Waarom is het zo belangrijk om producten te ontwikkelen die gemaakt worden met oog voor sociale omstandigheden en het klimaat volgens jou? Eigenlijk het hele grote plaatje, want anders gaan we het niet redden. Met die bril op moeten we keuzes gaan maken. Ik weet niet of je het boek van Babette Porselein hebt gelezen? Daar geeft zij in aan dat we op dit moment teveel wereldbollen per persoon nodig hebben om zo door te gaan. Dat is onmogelijk. Thomas Rauw verwoordt het ook heel erg goed alsof de aarde een spaceship is. Je hangt in de ruimte en we kunnen opmaken wat we niet bij ons hebben en doen dat alles oneindig is. Het is een must voor mij dat we vanuit die kijk gaan handelen.
Worden jullie ook geholpen door de overheid? We hebben onlangs een subsidie binnengehaald om echt innovatie te brengen. En we worden door de lokale overheid geholpen. Bijvoorbeeld in Den Haag door samen te werken voor de mensen die bij ons komen werken. We werken dan samen voor de uitstroom en ze geven taalles aan de deelnemers.
Hoe sta jij tegenover lokale productie? Is dat haalbaar? Ja, wij denken dat lokale productie haalbaar is. Of het voor de maatschappij haalbaar is weet ik niet. Als we meer gaan automatiseren, dan zou het moeten lukken. Het zou in ieder geval een groot gedeelte voor het milieu oplossen. Je ziet het vooral in de fashion. Het wordt ver weg gemaakt en veel te goedkoop verkocht. Als je het al hebt over een t-shirt hoeveel kilometer deze aflegt voordat het in jouw kledingkast ligt, is echt schrikbarend.
Als we lokaal gaan produceren, wat doet dit dan met de prijs?
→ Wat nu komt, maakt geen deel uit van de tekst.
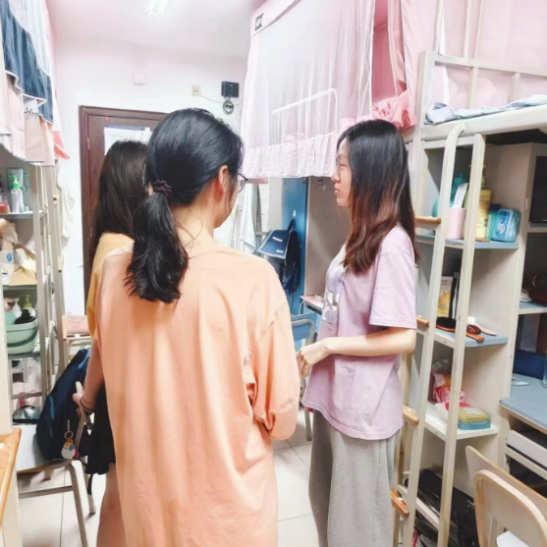 党员联系新生宿舍。2024届每位党员通过“党员联系宿舍”制度,对接1-2个宿舍的5-10名同学。借助线上线下相结合的方式,在微信群联络之后深入走访新生宿舍,为2023级150余名学生提供帮助引导,包括生活经验、心理疏导、选课双学位辅导等方方面面。

Als je het goed doet, dan hoeft het niet zoveel duurder te zijn. Je hebt het dan ook wel over true cost. Je weet niet of de consument het ook zo ziet. Want al die goedkope kleding is niet te produceren. Er is iemand in de wereld die voor het goedkope t-shirt de prijs betaalt. Technologische ontwikkelingen zouden hiervoor ingezet kunnen worden.
Hoe krijgen we consumenten hierin mee? Ik denk door altijd bewust te zijn. Bij mij kwam ineens het besef dat het zo niet langer meer gaat. Dan heb je het geweten en kan je niet meer doen alsof je het niet weet. Ik denk dat het vooral ligt in een stukje voorlichting. Nu is het een kleine bubbel waar veel kennis is, maar bij de massa ligt deze kennis niet. Daarnaast is het ook zo of mensen bereid zijn hun ogen te openen en bereid zijn om hun ogen open te doen. Maar is ook lastig, Als je als persoon aan het overleven bent, dan heb je geen oog voor de maatschappij. Dan heb je al genoeg aan jezelf. Ik denk dat het belangrijk is dat we gaan werken aan de welzijn van de mens. We staan nu soms zo tegenover elkaar. Dan is het bijna logisch dat je geen oog hebt voor een ander. Zo gaat dat ook als we het hebben over sociale inclusie. Je voelt je niet meer sociaal verbonden. Niemand kijkt meer naar je. Zodra we dat weer gaan doen, dan gaan er mooie dingen gebeuren.